ERIC’s testimony focused on retirement policies that allow for flexibility while removing unnecessary and burdensome administrative requirements that create inefficiencies and reduce opportunities for savings. Our policy suggestions included:

  • Maintaining electronic disclosure as an option for default distribution
  • Not imposing burdensome new administrative requirements
  • Simplifying reporting and disclosure requirements by eliminating redundant and unnecessary disclosures
  • Expanding the ability of plans to self-correct plan errors
  • Affirming the fiduciary responsibility to optimize financial outcomes for plan participants
  • Strengthening voluntary retiree health care and life insurance benefits by continuing to permit overfunded pension plans to fund them
  • Providing a safe harbor for the recovery of retirement plan overpayments
  • Creating a searchable Retirement Savings Lost and Found
  • Modernizing the definition of a Highly Compensated Employee to reflect salaries in the modern skilled workforce
  • Stopping unnecessary and harmful PBGC premium increases
  • Allowing workers to access retirement savings in a personal emergency
  • Defending ERISA preemption against efforts to regulate retirement plans at the state level

“Large employers, like ERIC member companies, are dedicated to offering helpful retirement options to their workers that will allow them to save for the future. The provisions we have provided to the Subcommittee allow plan participants more opportunities to save while giving plan sponsors more flexibility in plan operations,” said Guarisco Fildes.
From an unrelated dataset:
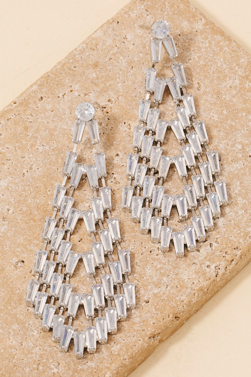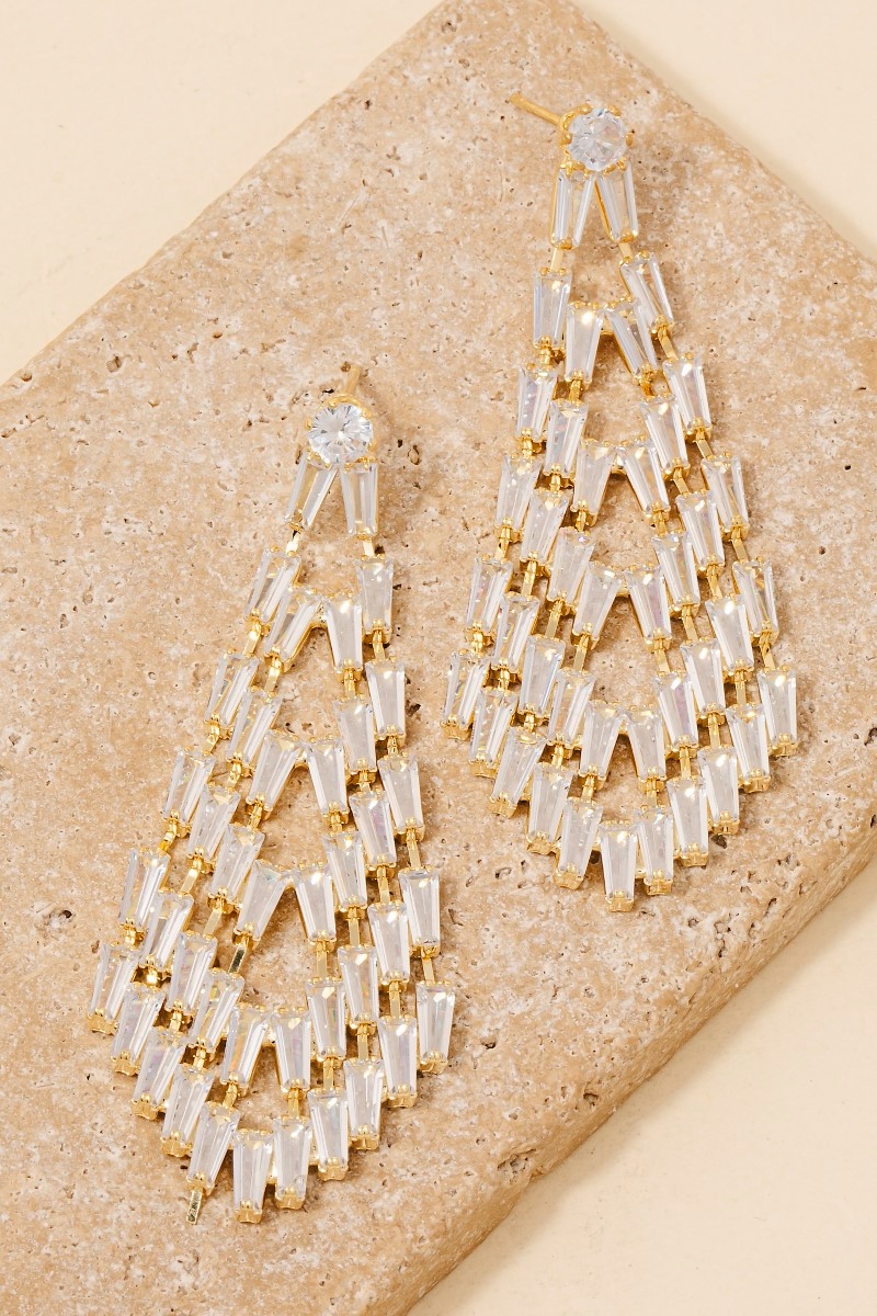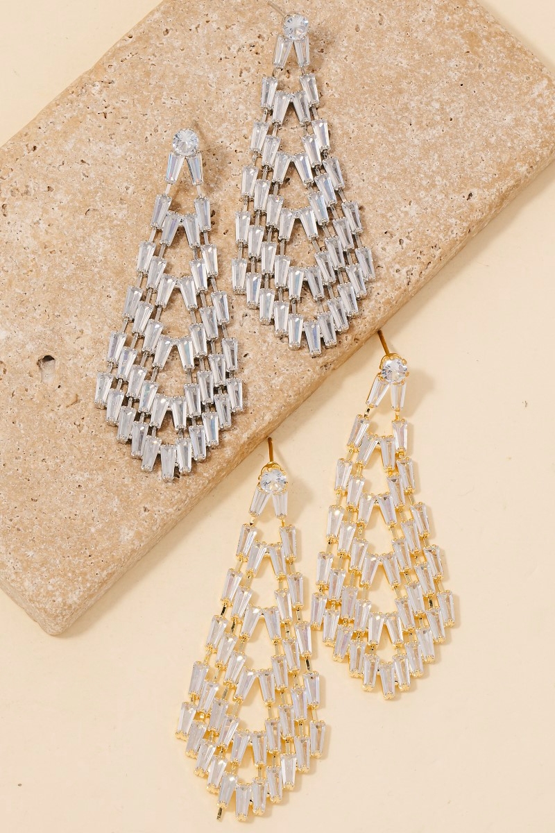 • Make a bold statement, this pair of dangle earrings embodies a sophisticated glass baguette pave tear design. This item is perfect for anyone who loves to accessorize and add some personality to their outfits. Available in GD and S. This item is sold in packs of 1.

ERIC’s testimony also focused on steps lawmakers can take to expand access to mental health care. ERIC argued that using civil monetary penalties for parity violations is not the answer. Instead, lawmakers should focus on clear-cut, comprehensive guidance that helps employers support their workforce. We offered recommendations from ERIC’s report, “Prioritizing Employee Mental Health: Solutions for Congress,” which is focused on improving patient access, making care more affordable, and driving value in the mental and behavioral health system. Our recommendations included:

  • Allowing mental health providers to practice across state lines
  • Expanding telehealth benefits to ALL employees
  • Incentivizing providers into mental health practice with tuition reimbursement and funding
  • Ensuring provider directories indicate if a provider is accepting new patients
  • Improving coordination of care
  • Publishing provider quality and safety data to drive better patient outcomes
  • Modernizing rules for health care accounts to better support patients and lower costs
  • Reducing red tape to encourage employers to innovate better mental and behavioral health benefits
  • Creating a blue-ribbon panel to focus on the mental and behavioral health aspects of the COVID pandemic, to better plan for the future
  • Speeding up the transition to value-based payments to improve care and save patients money

Click here to read ERIC’s statement for the record.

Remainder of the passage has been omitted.